*** Block opens ***

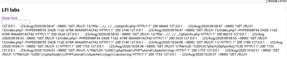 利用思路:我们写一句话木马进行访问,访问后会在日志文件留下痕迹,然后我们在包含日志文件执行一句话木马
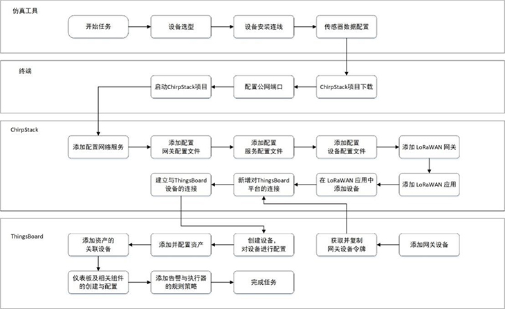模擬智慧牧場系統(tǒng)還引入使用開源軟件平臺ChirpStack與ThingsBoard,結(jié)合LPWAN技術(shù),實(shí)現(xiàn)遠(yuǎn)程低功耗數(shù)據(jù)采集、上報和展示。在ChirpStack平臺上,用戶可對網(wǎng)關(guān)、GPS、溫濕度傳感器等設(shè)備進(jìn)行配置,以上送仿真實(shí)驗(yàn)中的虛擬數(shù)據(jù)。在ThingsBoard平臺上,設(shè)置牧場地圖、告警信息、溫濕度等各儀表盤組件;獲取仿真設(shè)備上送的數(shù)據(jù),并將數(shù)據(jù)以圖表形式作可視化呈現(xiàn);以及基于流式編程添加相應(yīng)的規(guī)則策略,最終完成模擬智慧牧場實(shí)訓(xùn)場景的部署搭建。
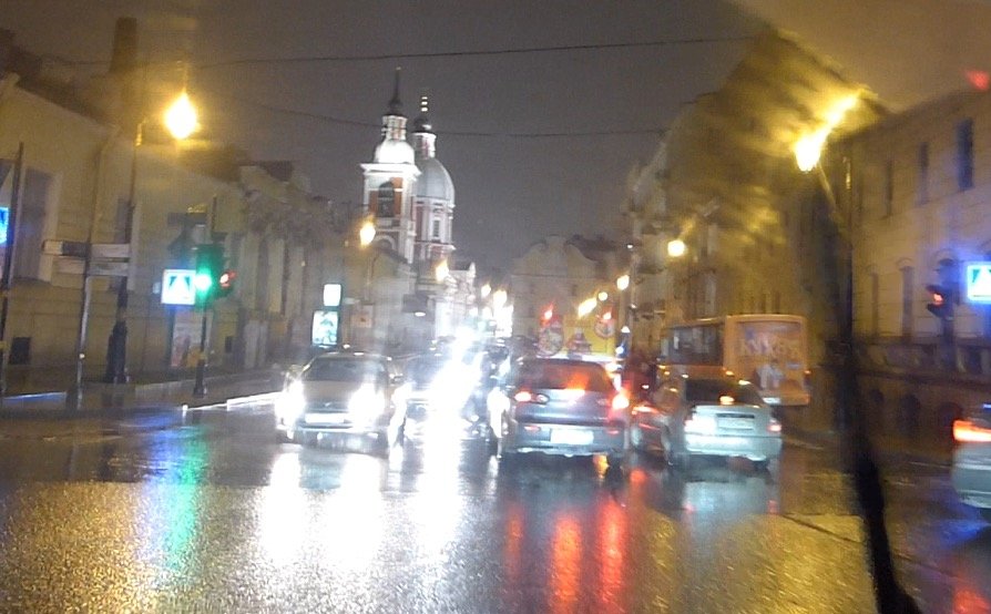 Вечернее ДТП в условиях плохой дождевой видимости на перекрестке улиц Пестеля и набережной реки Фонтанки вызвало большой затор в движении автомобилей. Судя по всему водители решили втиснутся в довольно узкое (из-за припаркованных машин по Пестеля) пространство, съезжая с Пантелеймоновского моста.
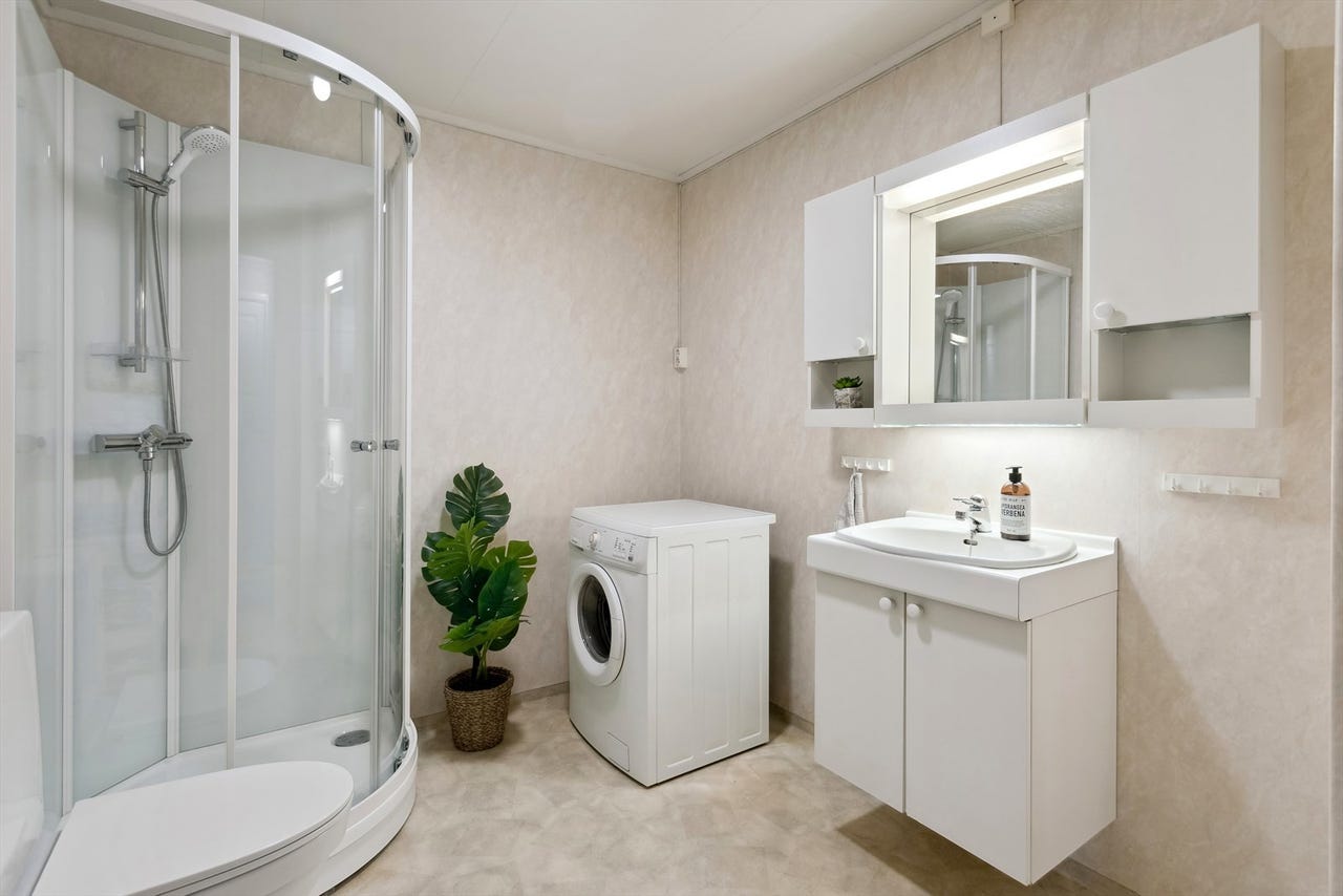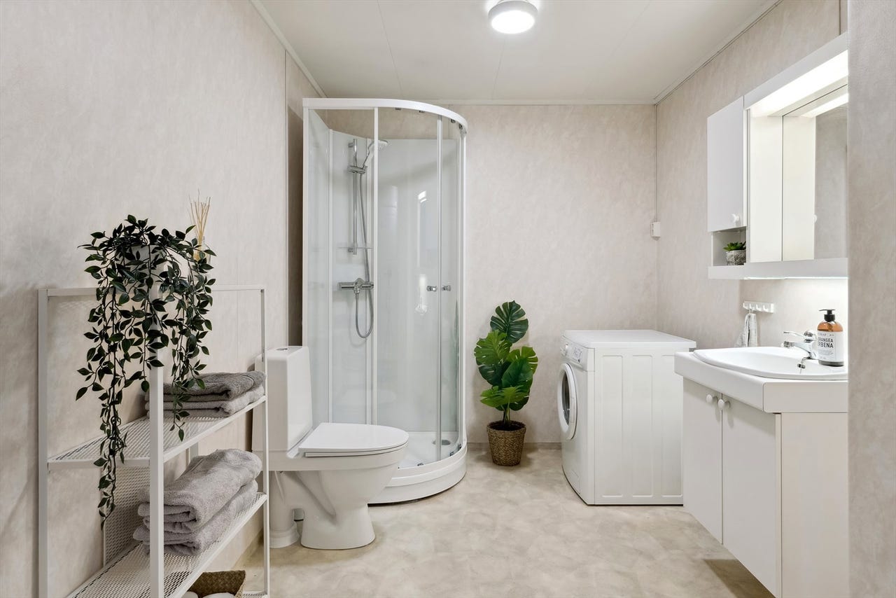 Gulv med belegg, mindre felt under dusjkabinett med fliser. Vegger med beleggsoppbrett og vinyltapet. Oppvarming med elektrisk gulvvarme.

*** Block closes ***

About this exercise: For this exercise, return the material word for word and drop each image.

Solution:
 利用思路:我们写一句话木马进行访问,访问后会在日志文件留下痕迹,然后我们在包含日志文件执行一句话木马
模擬智慧牧場系統(tǒng)還引入使用開源軟件平臺ChirpStack與ThingsBoard,結(jié)合LPWAN技術(shù),實(shí)現(xiàn)遠(yuǎn)程低功耗數(shù)據(jù)采集、上報和展示。在ChirpStack平臺上,用戶可對網(wǎng)關(guān)、GPS、溫濕度傳感器等設(shè)備進(jìn)行配置,以上送仿真實(shí)驗(yàn)中的虛擬數(shù)據(jù)。在ThingsBoard平臺上,設(shè)置牧場地圖、告警信息、溫濕度等各儀表盤組件;獲取仿真設(shè)備上送的數(shù)據(jù),并將數(shù)據(jù)以圖表形式作可視化呈現(xiàn);以及基于流式編程添加相應(yīng)的規(guī)則策略,最終完成模擬智慧牧場實(shí)訓(xùn)場景的部署搭建。
 Вечернее ДТП в условиях плохой дождевой видимости на перекрестке улиц Пестеля и набережной реки Фонтанки вызвало большой затор в движении автомобилей. Судя по всему водители решили втиснутся в довольно узкое (из-за припаркованных машин по Пестеля) пространство, съезжая с Пантелеймоновского моста.
 Gulv med belegg, mindre felt under dusjkabinett med fliser. Vegger med beleggsoppbrett og vinyltapet. Oppvarming med elektrisk gulvvarme.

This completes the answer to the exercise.